Will My Husband Still Think I’m Attractive as I Age?
As our bodies morph into an image our youthful-selve’s may deem unrecognizable, we may wonder if beauty is merely part of our past.
I was twenty and working at a Bloomingdale’s call center when someone handed me a complimentary pair of women’s shapewear. I didn’t know what Spanx were as I stretched them over my legs, later tossing them into a donation box. Postpartum with my second son, I regretted that decision as I spent $80 on a pair of high-end shapewear.
In my mid-thirties, insecurity threatens to wrap itself around me. Everything about my body is changing. My belly sticks out, cellulite ripples my legs, gray hair covers my roots, and wrinkles sink into my forehead. My body is nothing like what I used to see in the mirror. I feel a growing need to hide its true shape from not only the world, but my husband.
The reality is, our husbands notice when we gain weight or wrinkles, stretch marks or cellulite—just like we notice their gray hairs and extra pounds. This is part of life and marriage; we grow and age and our bodies change, together. But sometimes it feels like women are expected to look as young as possible for as long as possible.

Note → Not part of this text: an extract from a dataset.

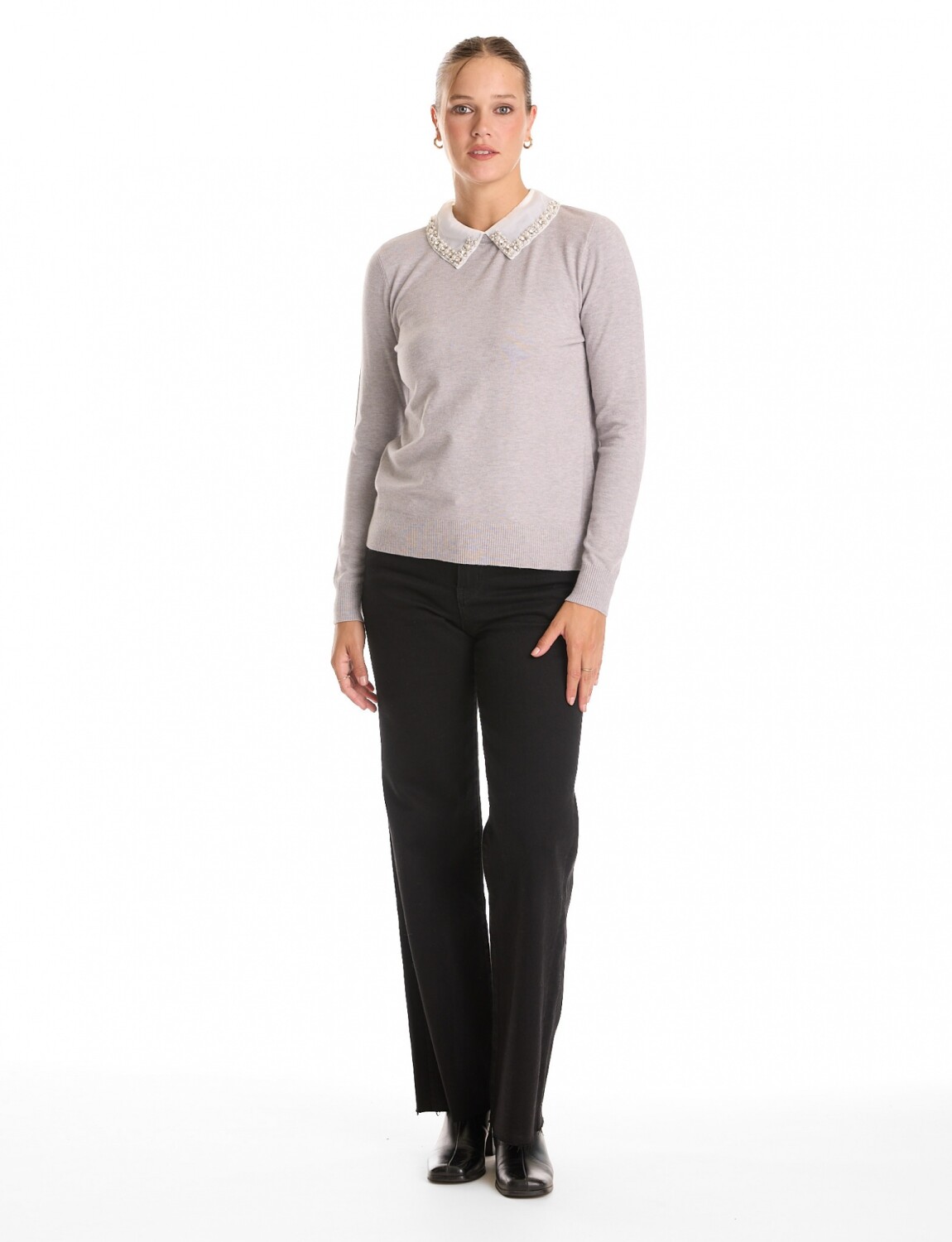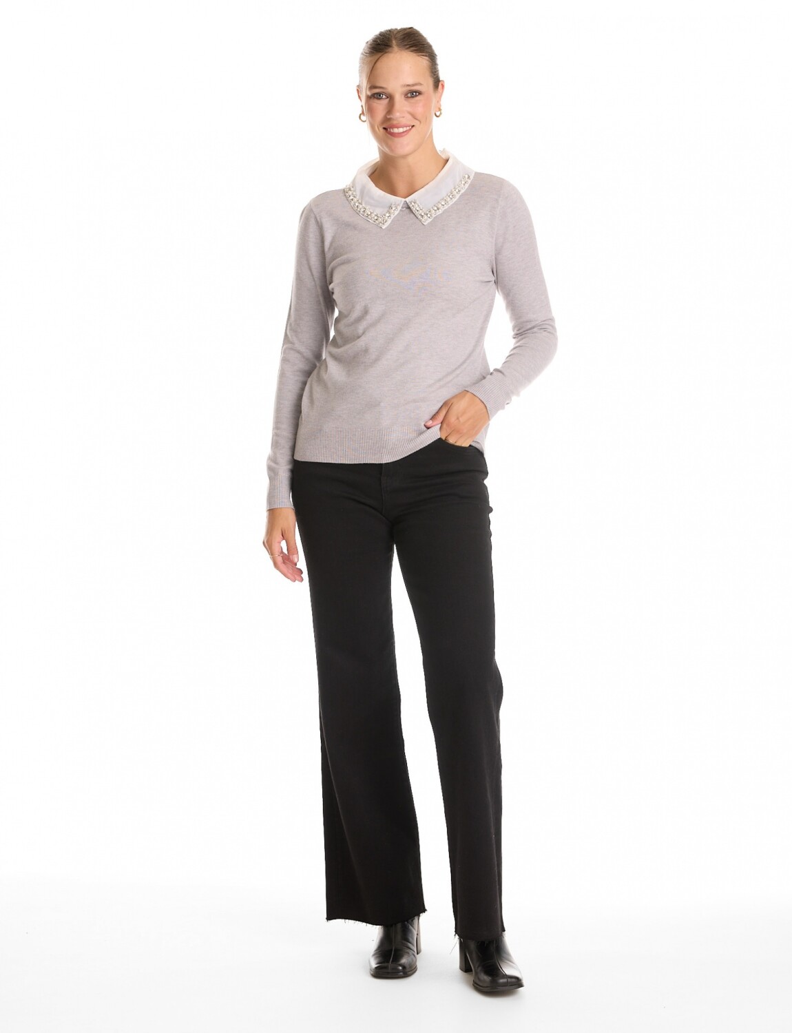 Cuello a la base, con solapa en gasa y aplique de brillos.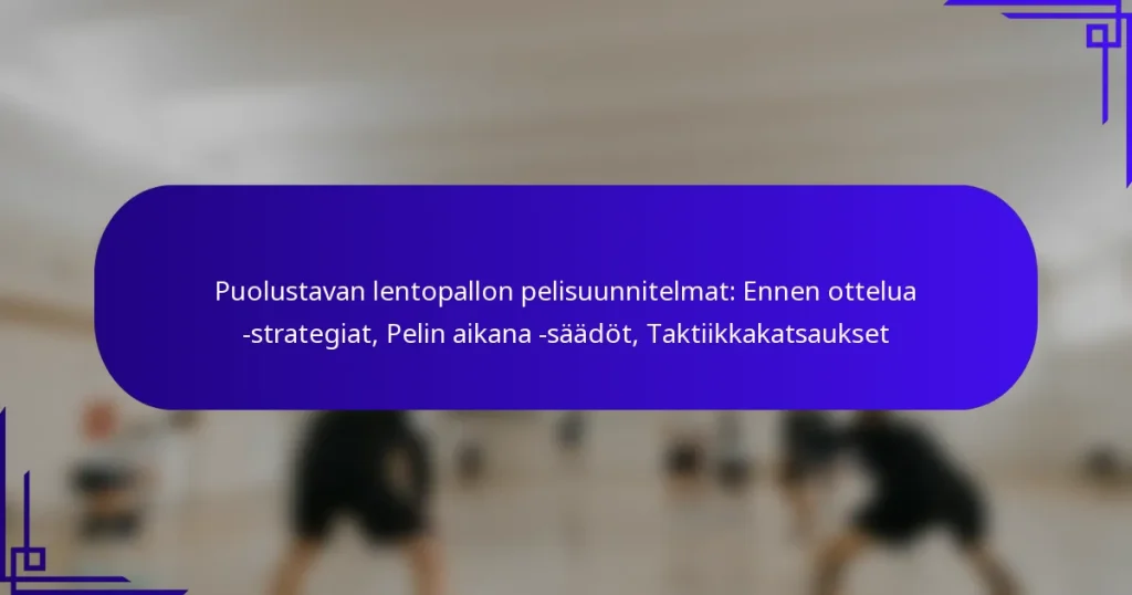 Puolustavan lentopallon pelisuunnitelmat: Ennen ottelua -strategiat, Pelin aikana -säädöt, Taktiikkakatsaukset

This strikes a haunting question in the hearts of some women: what if our husbands no longer find us attractive as we age?
Botox, Fillers, and Shapewear, Oh My
As our bodies morph into an image our youthful-selve’s may deem unrecognizable, we may wonder if beauty is merely part of our past. Maybe our husbands wish they could trade in our current shape to hold our twenty-five-year-old frame with its thinner waistline. This fear isn’t unwarranted. Many husbands watch porn while their wife sleeps in the next room. Some older men neglect the wife of their youth, seeking out younger women. We know that even some Christ-proclaiming men lack self-control, integrity, and faithfulness and cheat on their wife. Not all men, but some.

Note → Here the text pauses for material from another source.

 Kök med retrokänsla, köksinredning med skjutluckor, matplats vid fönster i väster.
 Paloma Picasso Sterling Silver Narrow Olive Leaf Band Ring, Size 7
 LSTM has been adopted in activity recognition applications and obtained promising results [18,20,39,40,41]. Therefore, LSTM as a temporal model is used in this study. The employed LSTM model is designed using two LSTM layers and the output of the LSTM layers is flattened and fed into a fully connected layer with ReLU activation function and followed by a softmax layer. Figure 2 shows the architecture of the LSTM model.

What is a woman to do? We hop on Facebook and see Taylor Swift dancing sensually before swiping to the next video. Walking the mall is nearly impossible without massive portraits of Victoria Secret models hovering like a hawk over its prey. Then there’s the influencer in her 20s sharing before and after pictures of her botox journey and the ads for fillers in our email.
Though white-haired models are seen on Target.com, there’s still a whole industry dedicated to anti-aging. The culture is shouting at us that our worth is found in how beautiful—how desirable we are. We might conclude that if our desirability fades with age, we better do all we can to appear young.